PLURAL AMAZONIA: A LIVING CARTOGRAPHY IN THE HEART OF NEW YORK

Americas Society presents Amazonia Açu, an exhibition that explores the cultural, historical, and spiritual diversity of the Pan-Amazon region through contemporary and Indigenous perspectives.

PLURAL AMAZONIA: A LIVING CARTOGRAPHY IN THE HEART OF NEW YORK

From September 3, 2025, to April 18, 2026, Americas Society in New York will present Amazonia Açu, an exhibition that considers the Amazon as a plural region encompassing communities and territories across Bolivia, Brazil, Colombia, Ecuador, Venezuela, Guyana, Suriname, French Guiana, and Peru.

 

Featuring over fifty modern and contemporary artworks—ranging from paintings, textiles, and ceramics to drawings, videos, photographs, and sculptures—the show spans works created from 1990 to the present. Emphasizing Indigenous ontologies, cultures, and knowledge systems, Amazonia Açu seeks to move away from any monolithic or stereotyped view of the region, instead highlighting the multiplicity of worldviews and ways of life that coexist within it.
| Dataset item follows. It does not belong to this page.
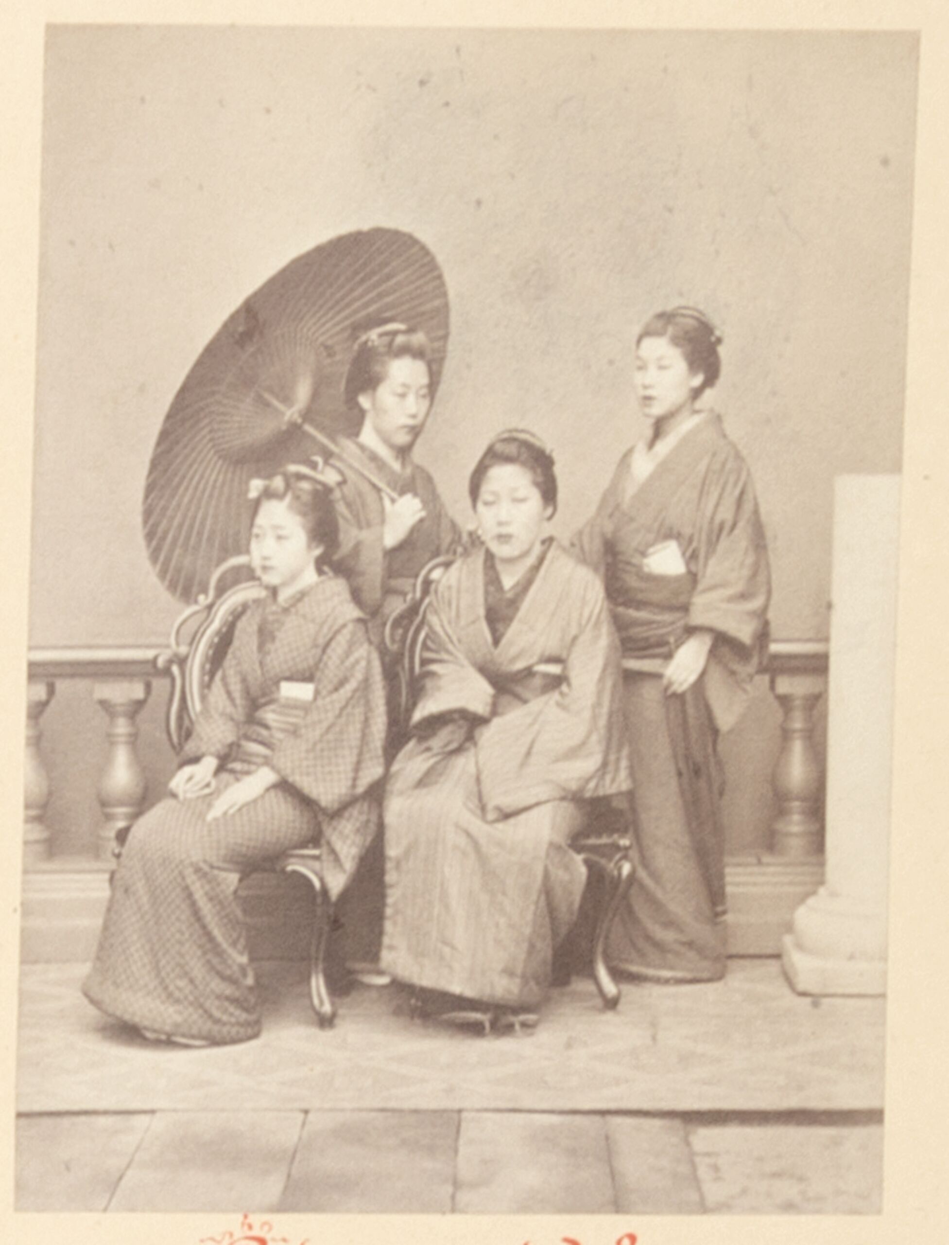 - text on object: [Blatt, mittig oben]: JAPAN.[Blatt, mittig unten]: Bürgermädchen.[Blatt, links unten]: Nach der Natur photographirt[Blatt, rechts unten]: von Wilhelm Burger.

The exhibition is co-curated by a committee of representatives from each country in the Amazon region: Elvira Espejo (Bolivia), Keyna Eleison and Mateus Nunes (Brazil), María Wills (Colombia), Diana Iturralde (Ecuador), T2i and NouN (French Guiana), Grace Aneiza Ali (Guyana), Christian Bendayán (Peru), Miguel Keerveld (Suriname), and Luis Romero (Venezuela).

 

The thirty-four participating artists and collectives include Danasion Akobe, Angélica Alomoto, Pablo Amaringo, Johan Amiemba, Chonon Bensho, Elías Caurey Caurey, Colectivo TAWNA, Comunidad Weenhayek, PV Dias, Sara Flores, Sheroanawe Hakihiiwe, Sri Irodikromo, Carlos Jacanamijoy, Thiago Martins de Melo, Hélio Melo, Claudia Opimí Vaca, Abel Rodríguez (Mogaje Guihu), Aycoobo (Wilson Rodríguez), Gê Viana, and Santiago Yahuarcani, among others. Their works reflect on memory, territory, tradition, and the biodiversity that surrounds and sustains their communities.

 

Through this collective, transnational approach, Amazonia Açu proposes a sensitive and decentralized vision of the Amazon, where art becomes a space to inhabit, narrate, and safeguard one of the world’s most complex and vital regions.